(Collection entries)
================
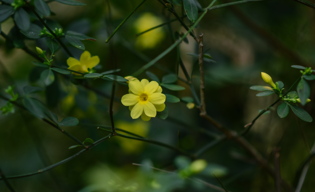 迎春花犹如春天的使者,远远望去,像一只只小蝴蝶在枝条上看风景,每一朵花都有着自己独特的魅力,有的含苞待放,宛如害羞的少女;有的盛开怒放,展示着自己的婀娜身姿。阳光撒满了花瓣,春风轻轻吹来,花朵微微颤动,仿佛每朵花儿都荡漾着微笑,唤醒着春天、酝酿着春韵。
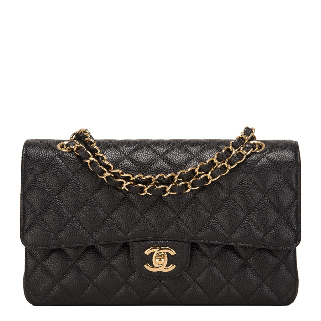 Chanel Medium Classic double flap bag of black quilted caviar leather with gold tone hardware.
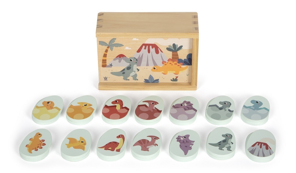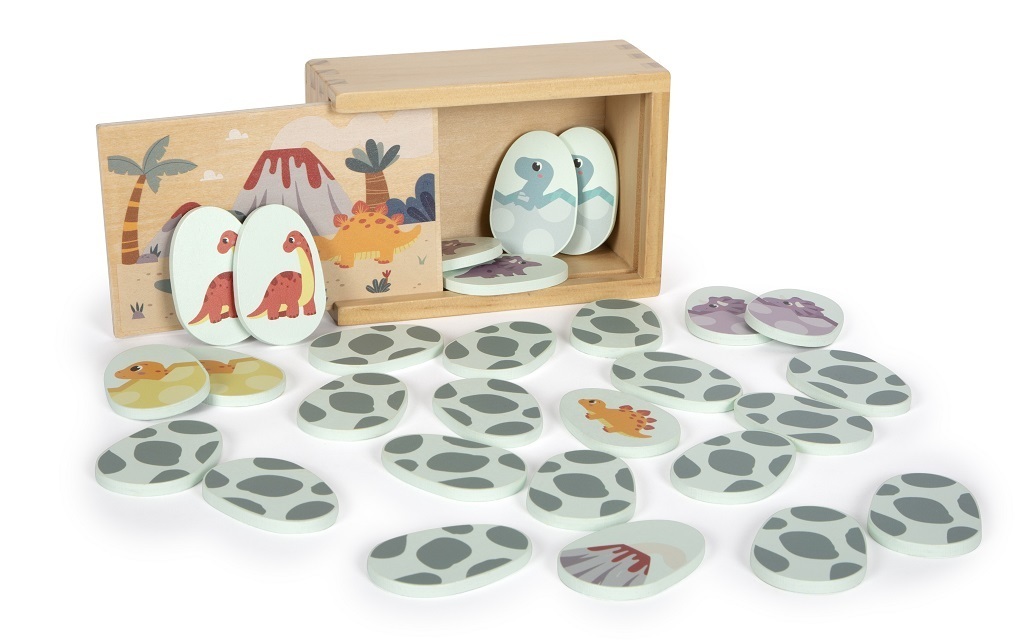 Tato klasická hra v kompaktním formátu jistě přinese dlouhotrvající herní zábavu fanouškům dinosaurů všech věkových kategorií. Ponořte se do dobrodružného světa prehistorické éry. Pexeso v roztomilém motivu dinosauřích vajec je společenská hra pro celou rodinu.
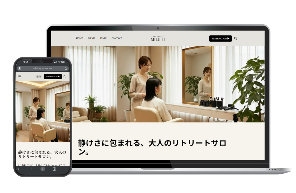 ■店舗名:Hair & Relax Milulu(ミルル)■特徴:完全予約制・1席のみのプライベートサロン■ターゲット:30代~40代の落ち着いた大人の女性■トーン&スタイル:モノトーンを基調にした、無駄を省いた上質なデザイン■完全予約制のプライベートサロン。お客様お一人おひとりの髪と丁寧に向き合うため、1日限定数組のみ予約を受けている。 落ち着いた空間と、髪と心に寄り添う時間を届ける。■完全予約制・1席のみというサロン特性を軸に、「静けさ」「上質感」「大人の余白」を重視して設計しました。ベージュ×木目の落ち着いた配色と写真の引き構図で空間の広がりを演出。スマホ閲覧を前提に、予約導線は視認性を高め、迷わず行動できる構成にしています。
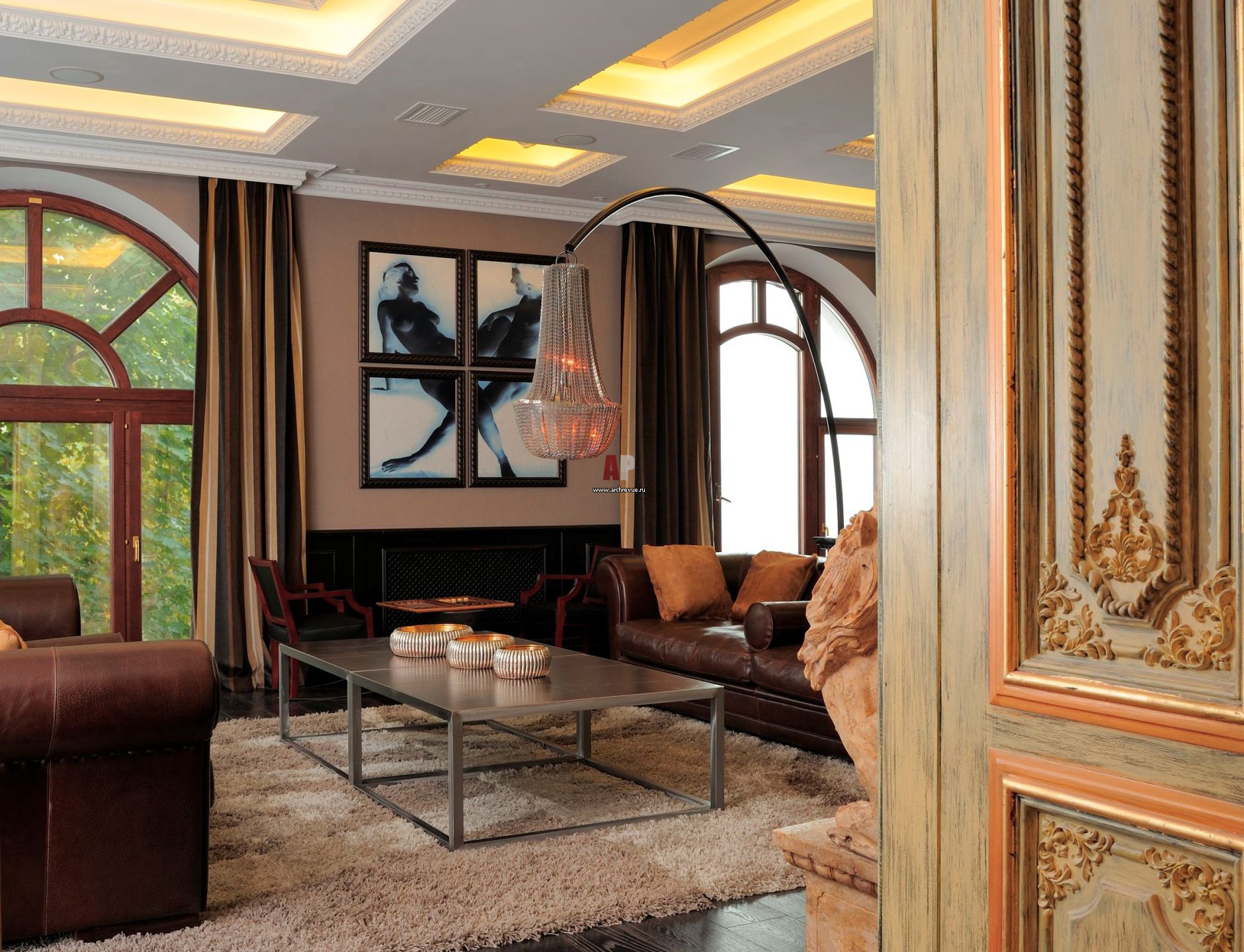 Парадные двери изготовлены по эскизам дизайнеров и покрыты несколькими слоями золотой патины. Напротив них – роскошные арочные окна.
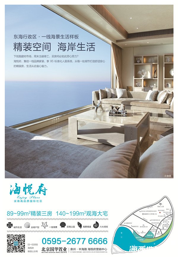 海悅府,泉州首席一線海景生活樣板。地處豐澤區東海版塊海岸線,臨近新市府,周邊配套一應俱全,區域發展潛力無限。項目用地3萬㎡,總建筑面積10萬㎡,沿海岸線精心規劃5棟高層建筑及20套濱海別墅。建筑排布上強調各棟建筑的景觀面與朝向,實現層層有景、戶戶觀海的效果。以簡約、大方的現代主義風格建筑錯落有致地勾勒出生動的濱海城市天際線。項目高層產品規劃有89—99㎡精裝海景三房,140—199㎡觀海府邸,大開間、短進深,戶戶全明、空間通透,奢享一線海景視野,締造泉州前所未有的國際濱海生活。
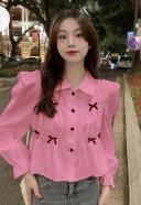Trendy Pleated Long Sleeve Women Shirt top&tunic
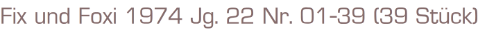 Fix und Foxi 1974 Jg. 22 Nr. 1 - 39(39 Hefte)von Rolf Kauka 39 Stück Comic-Heft à 39 SeitenFormat: 18 x 26 x 2cmGewicht: 2.800 gZustand: gut
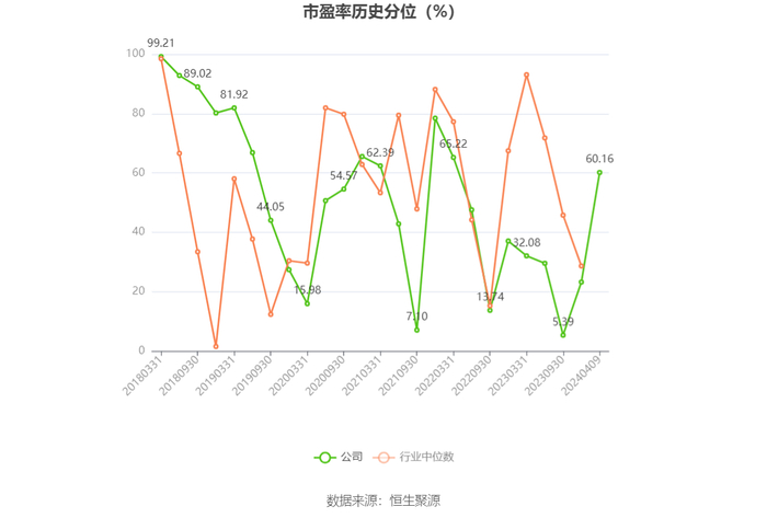 市盈率为负时,不显示当期分位数,会导致折线图中断。
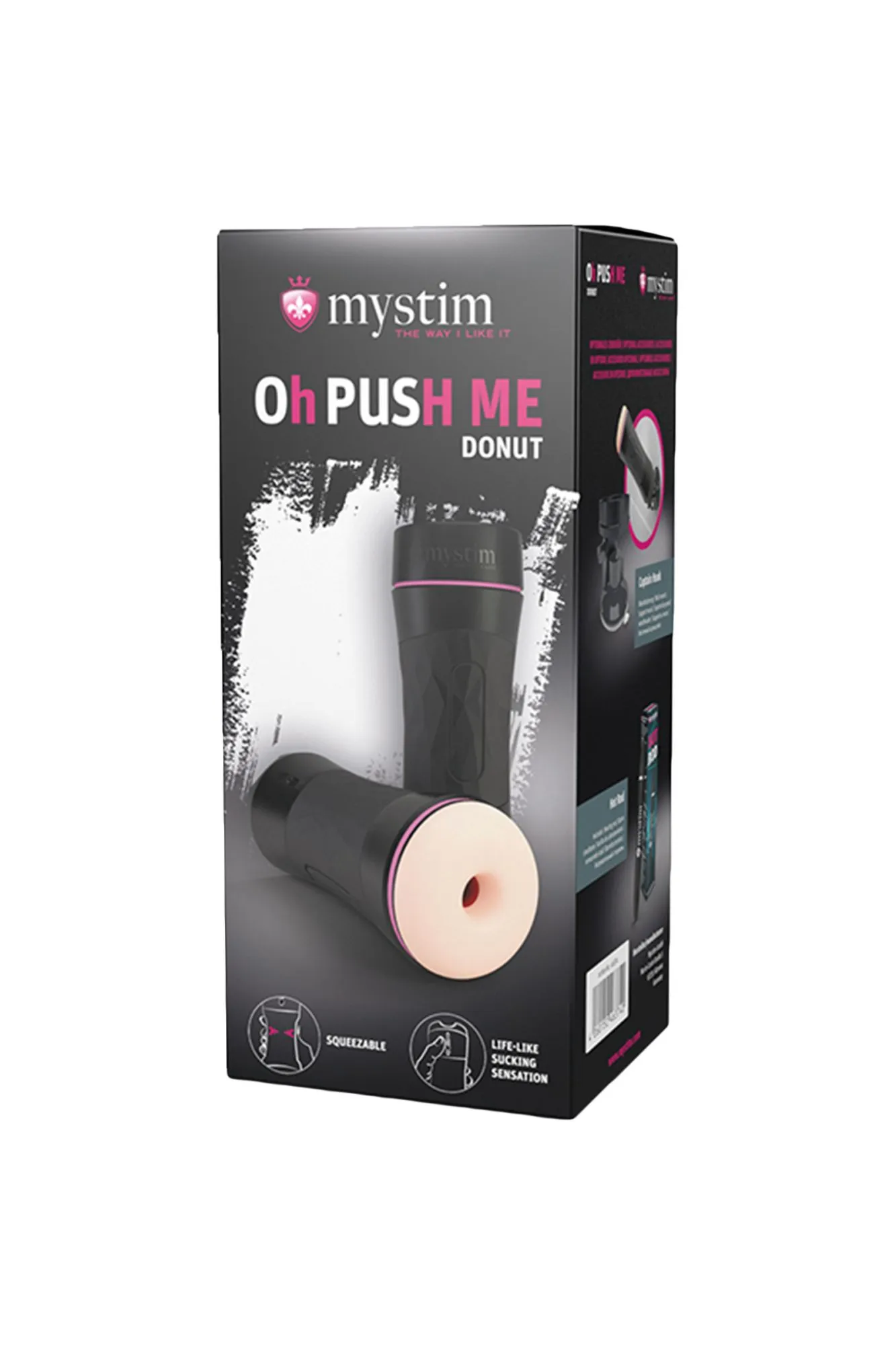 Вы испытаете идеальные сексуальные ощущения с Oh PUSH ME Donut. Реалистично сформированный туннель с формой в виде бублика позволяет вам испытать обтягивающий и сверхчувствительный материал, а также необычного вида всасывания. Нажмите на область сужения, чтобы сжать или ослабить стимуляцию. Регулируя воздушную заслонку, вы также можете регулировать, насколько сильно втягивается ваш пенис. С таким мастурбатором вам гарантирован феерический оргазм!
================
- TASK ITEM:
What you return must match the lines above from the one with "Fix und Foxi" through the one with "市盈率为负时,不显示当期分位数,会导致折线图中断。" exactly, with both ends included and the pictures excluded.

- REPLY:
 Fix und Foxi 1974 Jg. 22 Nr. 1 - 39(39 Hefte)von Rolf Kauka 39 Stück Comic-Heft à 39 SeitenFormat: 18 x 26 x 2cmGewicht: 2.800 gZustand: gut
 市盈率为负时,不显示当期分位数,会导致折线图中断。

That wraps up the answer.